Toys R Us, Shopko and Sears: They are Idaho Falls’ ghosts of retail’s past. The buildings that once housed these powerhouses, big-box retailers now sit empty.
Combined, the buildings that used to house the shuttered Sears, Toys R Us and Shopko stores, as well as the relocated C-A-L Ranch store and Deseret Industries’ former downtown location, make up more than a quarter of a million square feet of retail space.
What will happen to these giant, empty buildings? If they’re to attract new tenants, it’s going to take some creativity, according to local commercial real estate agents.
Each commercial building comes with unique challenges; age and location are priorities for potential tenants. But every retail store shares at least one challenge: the growing popularity of e-commerce and declining interest in brick-and-mortar shopping.
“The trend is these ‘sticks and bricks’ retailers that have a location are having to compete more and more with the internet,” said Kevin Murray, a real estate agent with Keller Williams Realty East Idaho.
The closing of retail stores has nothing to do with Idaho Falls’ desirability, Murray said. The trend away from brick-and-mortar stores is happening everywhere.
According to Coresight Research, a retail data research firm, U.S. retailers have announced 6,986 store closures and 2,985 store openings this year, through June. That’s compared to 5,864 closures and 3,251 openings for the full year 2018.
Idaho Falls’ empty large retail stores likely won’t be occupied by another retailer.
“You’re not going to sell a used big box store to another big box store,” Murray said.
Murray is the listing agent for a 6,100-square-foot building on Northgate Mile, formerly home to HyWay Drug. Built in 1955, the property is smaller and older than the vacant big box stores.
The property’s location is good — 33,000 cars pass it every day — but its age and lack of adaptability present challenges.
“It’s like trying to get your daughter a date if she’s still got curlers in her hair,” Murray said.
Instead of leasing the entire space to one retailer, the building likely will be chopped up and leased to several.

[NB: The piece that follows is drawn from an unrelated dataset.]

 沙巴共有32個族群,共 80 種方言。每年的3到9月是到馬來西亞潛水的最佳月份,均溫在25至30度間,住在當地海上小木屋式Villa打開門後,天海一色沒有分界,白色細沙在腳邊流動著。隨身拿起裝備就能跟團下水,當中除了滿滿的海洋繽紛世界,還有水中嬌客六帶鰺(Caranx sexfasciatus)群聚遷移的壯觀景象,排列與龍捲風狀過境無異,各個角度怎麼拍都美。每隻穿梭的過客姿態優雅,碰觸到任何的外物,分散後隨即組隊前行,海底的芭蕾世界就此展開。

That could be the future of many of Idaho Falls’ vacant stores.
Brent Wilson, brokerage services specialist with Thornton Oliver Keller, said there is interest in Idaho Falls’ vacant retail space, however he expects the buildings to be reused in new ways.

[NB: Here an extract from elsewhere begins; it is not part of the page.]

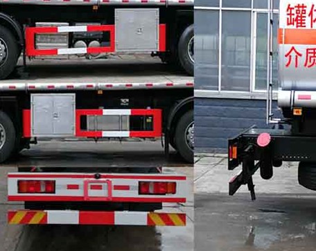 該車為危險品車輛,危險貨物運輸車輛的類型為FL型,類項號:3;罐體有效容積:24.3立方米,介質:原油,乙醇,密度(千克/立方米)分別為:800,800;罐體尺寸(長×長軸×短軸)(mm)為:8800×2400×1660,8800×2250×1560;側、后防護均采用Q235材質螺栓連接在大梁上,后防護裝置斷面尺寸為(mm):140×50,后部防護離地高度:430mm;ABS系統型號為4460046300,生產企業為威伯科汽車控制系統(中國)有限公司;ABS系統控制器生產企業/型號為威伯科(上海)管理有限公司/4460046300;選裝EBS,EBS系統控制器生產企業/型號為威伯科(上海)管理有限公司/EBS3;隨底盤選裝駕駛室;安裝限速裝置,限速80km/h,排氣管前置,前輪盤式制動器;安裝具有衛星定位功能的行駛記錄儀,轉向輪裝備輪胎爆胎應急防護裝置;發動機型號及油耗值(L/100km)為:MC07.31-60(38.2),MC07.34-60(38.2).

“It’s what we call adaptive reuse,” Wilson said. “The businesses are going to be the experiential/entertainment-type of uses, golf simulation for one example. There’s also going to be multiple vocational schools occupying big box buildings.”
One example of adaptive reuse is U-Haul buying former Kmart locations and reusing them as storage facilities.
Another example comes from Pocatello. A charter school bought retail space in the Pine Ridge Mall and is transforming it into a new campus.
Wilson himself has invested in a business that utilizes the adaptive reuse strategy. Wilson and his brother, also a commercial real estate agent, bought a haunted house, formerly known as Dr. Slaughters, on First Street. The building was a grocery store before becoming an entertainment attraction.
“The building was well beyond its useful lifespan, but, hey, that makes for a great haunted house,” Wilson said.
Office space, as well, is in high demand in Idaho Falls, and repurposing a former bog box store would cost from 1/3 to 1/5 the cost of building new.
The growing trend of adaptive reuse is indicative of brick-and-mortar retail’s waning success, but in-person shopping isn’t completely dead. People still prefer to shop for certain things in-person, such as groceries and furniture, Wilson said.
And it’s helpful to offer an all-in-one shopping experience, hence Walmart’s success with two area stores and Costco’s announcement that it’s coming to Idaho Falls.
Kerry Howell, co-owner of Century 21 High Desert, is hoping to find someone to lease the former downtown location of Deseret Industries Thrift Store. He said there’s been interest from a furniture company and from tenants who would turn the building into an event center.
While a central, downtown location is attractive for some uses, new retailers are trending toward Hitt Road, where major retailers have clustered in recent years. It’s where Deseret Industries’ new thrift store is located. Ferrell’s Clothing, a downtown business for more than half a century, relocated to Hitt Road, as well.
“The basic common denominator is the retail theory of agglomeration,” Wilson said. “They all like to cluster together.”
Even 17th Street, south of Hitt Road, one of the busiest arterial roads in Idaho Falls, isn’t the best place to open a new store.
“There are opportunities to build new along Hitt Road, and that will be their first choice,” Wilson said.
Large brands, such as Walmart and Costco, that can afford it would rather buy their own land and build a store. They typically won’t buy a used building and repurpose it. Building new can cost about $100 more per square foot more than repurposing an existing building, not including the cost to buy land.
“The big box guys have always owned their real estate,” Wilson said. “Basically, so they can control everything around them.”
While new retailers likely won’t pop up in where former retailers failed, the buildings will find a new use. Idaho Falls’ shopping centers might just look a little different.
Howell said the city is becoming more diversified, with new retail hot spots appearing.
“It’s going be interesting to see what really transpires,” he said.